On the other hand ,for interactive use, it's often very helpful to be able to see what's on the File page at Commons; but there's no way to click back from the full-resolution image to the Commons page, without manually re-writing the URL every time. Also, as mentioned before, the full-resolution image may often be a lot too much -- often very big, so very heavy to download.

(It may even indeed be a legal requirement to be able to easily get to the licensing and attribution image on the file page, under the terms of the various CC licenses that demand that images are only made available with attribution. So strictly speaking at the very least the linked data service should probably be making available some attribution URL + some license URL if it is providing the bare image URL. But that may be something that will have to wait for the full roll-out of Structured Data on Commons).

I don't know if there are any other ways to link & invoke MediaViewer (but there might be), or to pass it the names of the other images to include in the slideshow.

No.

With regard to external identifiers and to the P:373 Commons category values, it strikes me that what we really need in the triplestore is a special datatype -- in a similar way to the way we have a special datatype for Commons media.

It would seem that what we need is a "link" datatype, that can carry both a URL and a string, and can therefore be recognised as such and formatted appropriately by the GUI. Presumably routines could be provided to easily cast it to string or to IRI; and/or one could just have two RDF connector properties to connect it to its string and to its IRI respectively.

It would also be useful for the GUI to show Wikipedia sitelinks as links rather than full URLs.

The shorter form is especially valuable when one is trying to include a lot of columns in a table report, without losing the grid structure (which happens if there are too many columns with unbreakably long text).

Of course one can more or less extract the page name with something like
BIND(REPLACE(REPLACE(str(?article), 'https://en.wikipedia.org/wiki/', ''),'%20',' ') AS ?en_wiki)
but this very basic workaround still leaves eg brackets and international characters in percent encoding; and of course it loses the clickability of the link.

It would be nice to be able to have a wiki article name by default show up in the GUI simply as linked text.

Finally, it would be good if there could be a way to switch between different views when a query has been run in "kiosk" mode

Please see T151057: [Story] Toolbars for result views

@Jheald right now, if you click on the "picture" icon before the picture name, you already get a gallery view. Is that one not good? As for file link, I don't remember why we chose Special:FilePath, @Jonas may know.

AFAIK Special:FilePath is from the RDF export. Maybe the reason is that it is a direct link to the actual image resource.

It would be good if the values of property P:373 ("Commons category") could be presented as links rather than plain text. (The same also goes for the values of external identifiers). Yes, it's easy enough to CONCAT the domain and cast the string to a URL, but it makes the output look a lot messier and harder to read. It would be nice if internally the column of values were being retrieved as (URL + text)-valued objects, and could then be presented as such.

@Smalyshev we may want to change this in the RDF export so it is an URI instead of text.

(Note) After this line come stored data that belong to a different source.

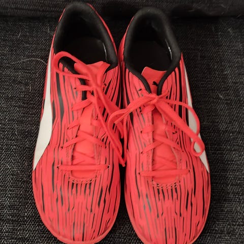 Kelta-mustat Puman futsalkengät ilman nauhoja. Koko 32.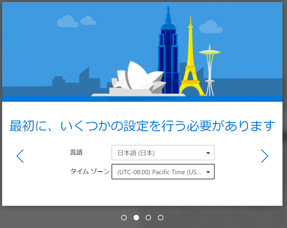 言語を「日本語(日本)」に、タイムゾーンを「(UTC+09:00)Osaka、Sapporo、Tokyo」を設定し、右にある矢印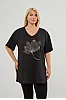 T-Shirt με στάμπα λουλούδι και άνοιγμα στα πλαϊνά.  Διαθέτει V λαιμόκοψη και κοντά μανίκια με ρεβέρ.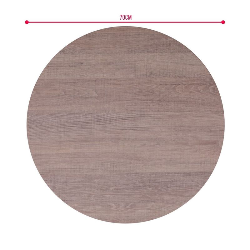 Formato: Redondo Diametro: 70 cm Material: MDP (painel de madeira de media densidade) Acabamento: Pintura na cor branca com superficie lisa e facil de limpar Indicado para: Bases metalicas, de madeira ou de ferro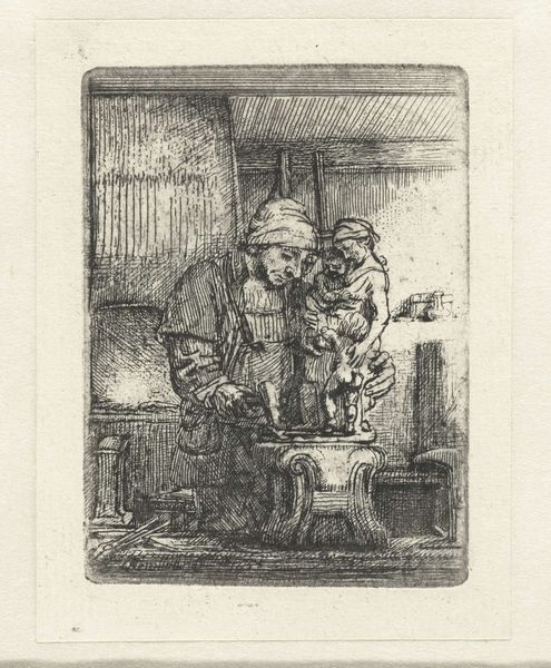 Research shows that no metalsmith in Rembrandt's day would have made a gold statue as large as the one depicted here, but that is not the point of this private little print. The image cradled so lovingly by the smith is Charity, personified by a mother protectively embracing her children. Rembrandt's audience would have responded immediately to this symbol; the Dutch provided more charitable relief in the seventeenth century than any other European country.
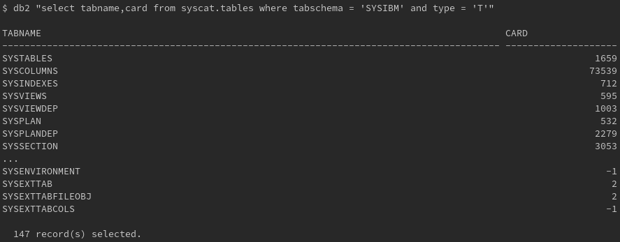 $ clpsc.ksh "select * from syscat.tables where tabschema like 'SYS%'"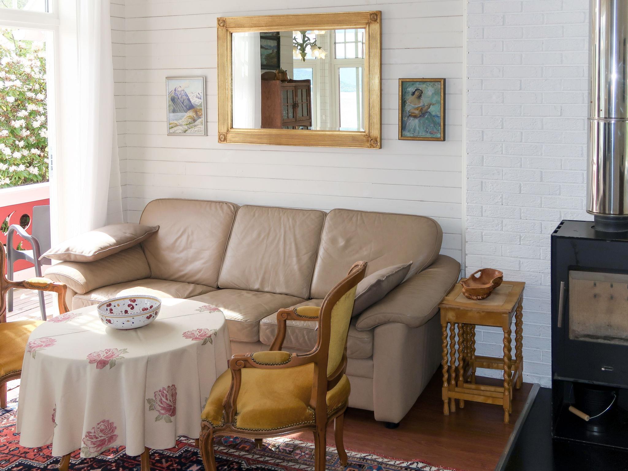 "Villa Lorna", 3-Zimmer-Wohnung 55 m2. Hell, renoviert im Jahre 2015, geschmackvoll und gemütlich eingerichtet: Wohn-/Esszimmer mit Schwedenofen, Esstisch, Sat-TV, Internationale TV-Sender und DVD. 1 Zimmer mit 1 Doppelbett. 1 Zimmer mit 1 Bett (90 cm, Länge 200 cm). Offene Küche (Backofen, 4 Glaskeramikplatten, Toaster, Wasserkocher, elektrische Kaffeemaschine). Dusche/WC. E-Heizung. Holzdielenboden. Terrasse. Terrassenmöbel, Gartengrill. Sehr schöne Sicht auf das Meer, die Berge und fjord. Zur Verfügung: Waschmaschine. Internet (WLAN, gratis). Bitte beachten: Nichtraucher-Haus. Rauchmelder, Feuerlöscher. Kühl-Gefrierkombination. 924531169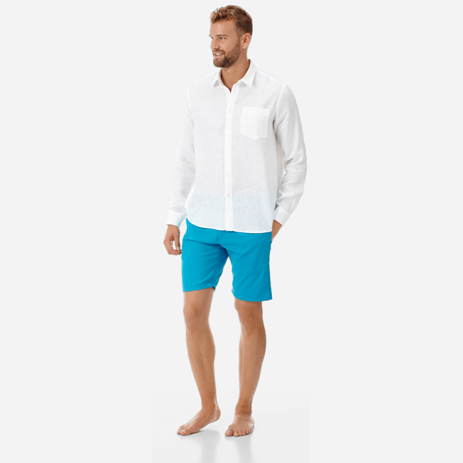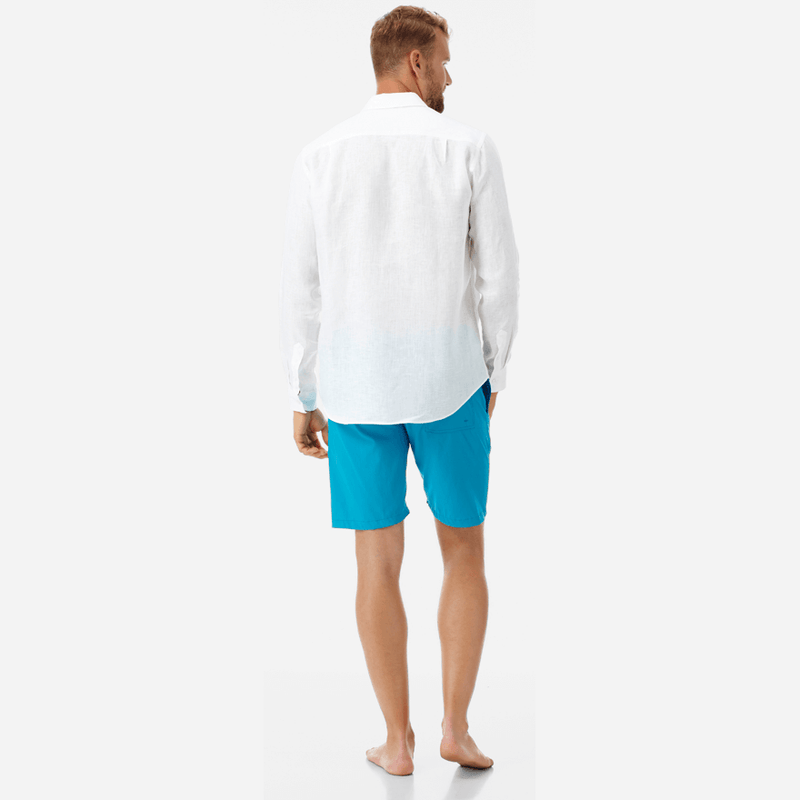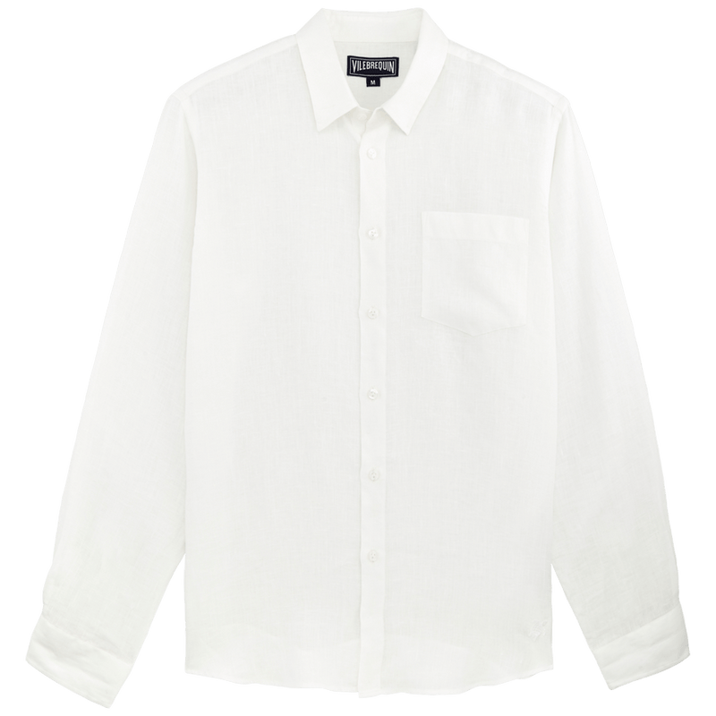 The Caroubis classic men's shirt looks just as good with Bermuda shorts, trousers or swim shorts. This essential, long-sleeved Vilebrequin piece is made from soft linen with a casual drape. Its simple cut includes a breast pocket as well as a discreet embroidered tone-on-tone turtle at the hem of the shirt.

Change 340503 had a related patch set uploaded (by Jonas Kress (WMDE)):
[wikidata/query/gui] Change image link media viewer

https://gerrit.wikimedia.org/r/340503

Thanks for this Jonas, but given there is already the nice viewer on the page (which I didn't know about when I wrote the bug, because until then I'd only right-clicked on it), perhaps on consideration a better link is just the simple Commons file page, ie 'https://commons.wikimedia.org/wiki/File:{FILENAME}'

Change 340503 merged by Jonas Kress (WMDE):
[wikidata/query/gui] Change image link media viewer

https://gerrit.wikimedia.org/r/340503

I lost overview a bit here. What still needs to be done?

Jonas claimed this task.

I am closing this even if I think proper linking to commons category is missing.
If the demand is still there please create a new ticket, thanks!